VMware developed accelerators that connect with pre-trained models, Padmanabhan said. She said to think of it as a catalog of applications, a curated catalog, that integrates with pre-trained models “so it’s easy for developers to create their AI-enabled applications through the same process through the same platform that they do their other applications.”
The problem statement becomes, “What am I actually asking the model to do? And how can I give you the minimum data set possible?”
Prompt engineering gets done up front, but the query formulation determines how much data needs to go into the fine-tuning of the model. VMware managed that process for its overall Kubernetes-based Tanzu application platform and its application services, which are part of its Cloud Foundry business.
“Okay, now that I got all these pieces, how do I do it this at scale?,” Padmanabhan said. “Because now I know, I have to have consistent APIs, I have to have a common workflow for ML workflow and ML flow engines.”
Cloud Foundry works with a concept called tiles, which provides a systematic approach. Applications get packaged as tiles that allow developers to integrate third-party software. Padmanabhan said VMware developed models based on the tiles of popular applications to make them available.
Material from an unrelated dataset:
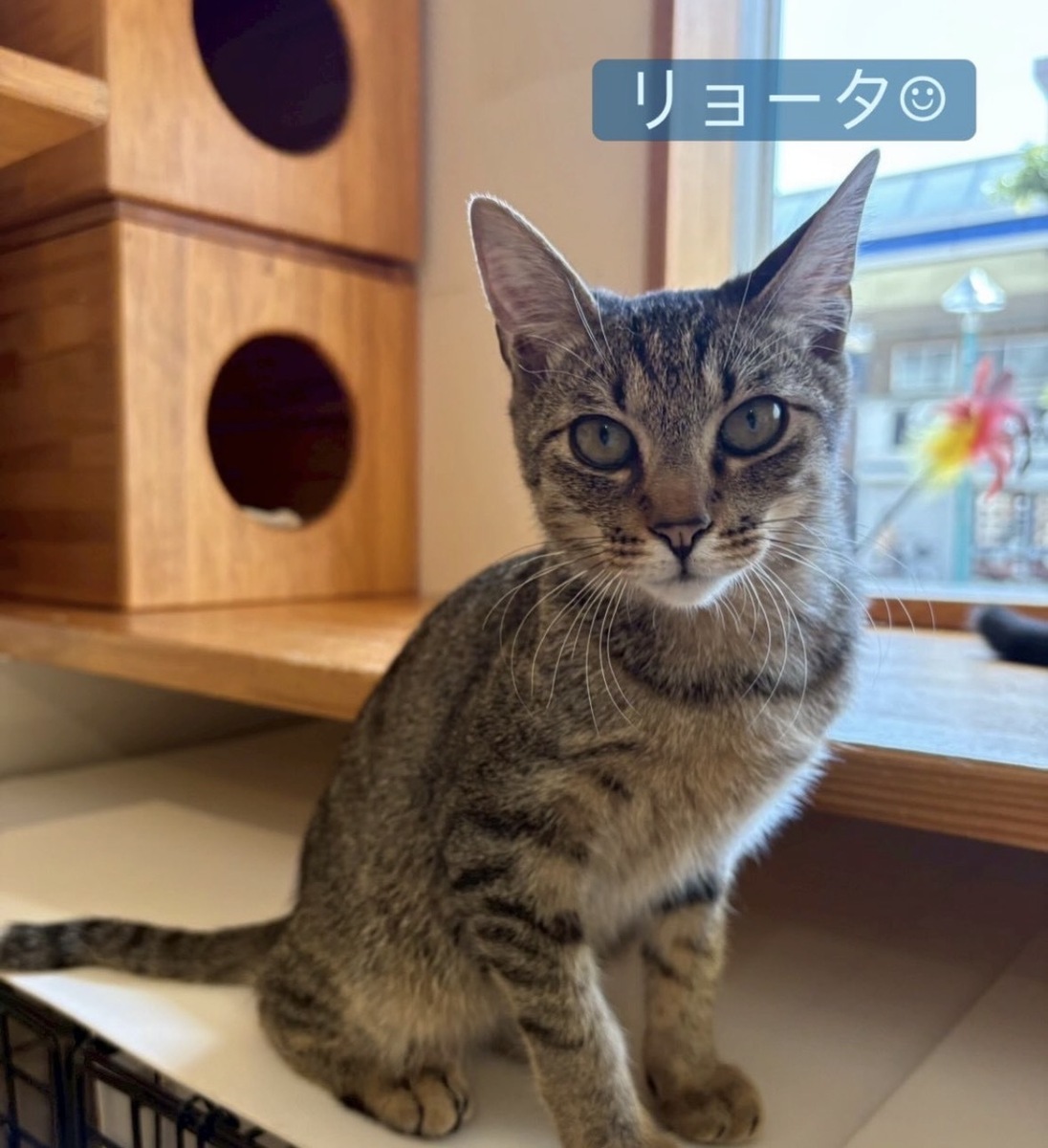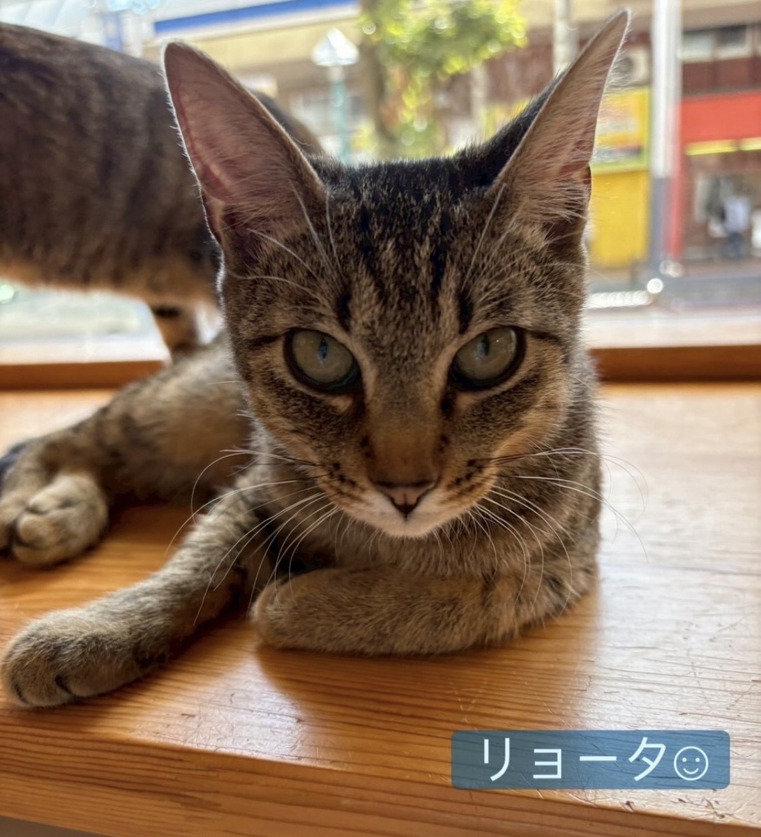 キジトラ柄にアンテナの様なカギしっぽのリョータ君🐈⬛

VMware uses a template process for its app accelerator, Padmanabhan said. For example, a developer can tell the accelerator what programming language to use. The idea: use an API to connect the accelerator to a service such as SpringAI. The accelerator may then have a way to connect to models through common APIs — the solution: a basic accelerator that allows for adjustments and fine-tuning.
In its considerations for software engineers, VMware chose to work with open source alternatives, which touches on why VMware chose Hugging Face as a partner. Hugging Face provides a community for AI/ML projects with a deep focus on open source.
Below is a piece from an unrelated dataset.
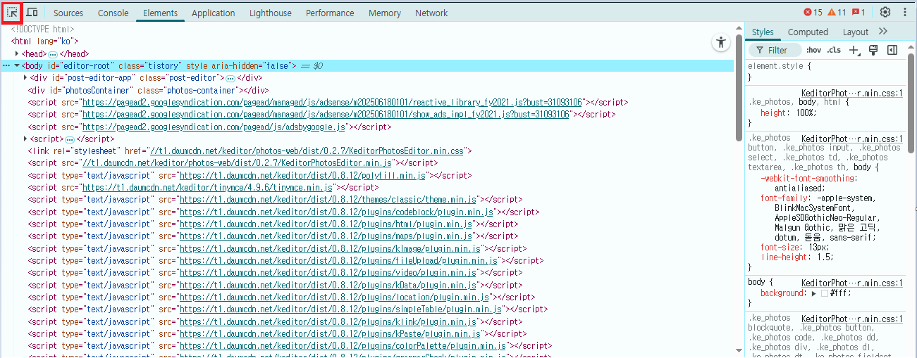 📌 HTML , CSS 확인 & 스타일 검사 및 편집 가능

Together, Hugging Face and VMware announced SafeCoder, a coding assistant based upon StarCoder, which they developed with VMware and ServiceNow through an open source project called Big Code, which focuses on responsible training of large language models for coding applications.
SafeCoder, designed for the enterprise, is built with security and privacy as a first priority. It works on VMware infrastructure, whether on-premise in the cloud or hybrid. It also works with “open source projects like Ray and Kubeflow to deploy AI services adjacent to their private datasets.”
The VMware team talked more about responsibility than any tech conference I’ve attended. But it makes sense considering how proprietary models pose legal and compliance issues.
“For VMware, our source code is our business,” said Chris Wolf, vice president of VMware AI Labs. “And it’s very important for us to make sure that we’re maintaining privacy and control of that data because that’s our business.”
VMware tuned SafeCoder against its private source code. They looked at the code from their top-performing software engineers and their code commits, which they used as the dataset in the model. It gave them a quality code base for a new model, resulting in automation they could do in their style.
In a pilot, 80 VMware software engineers used SafeCoder, and more than 90 percent want to continue using it, Wolf said. Taking an open source route means more control over the direction of software development as they are not beholden to proprietary technology.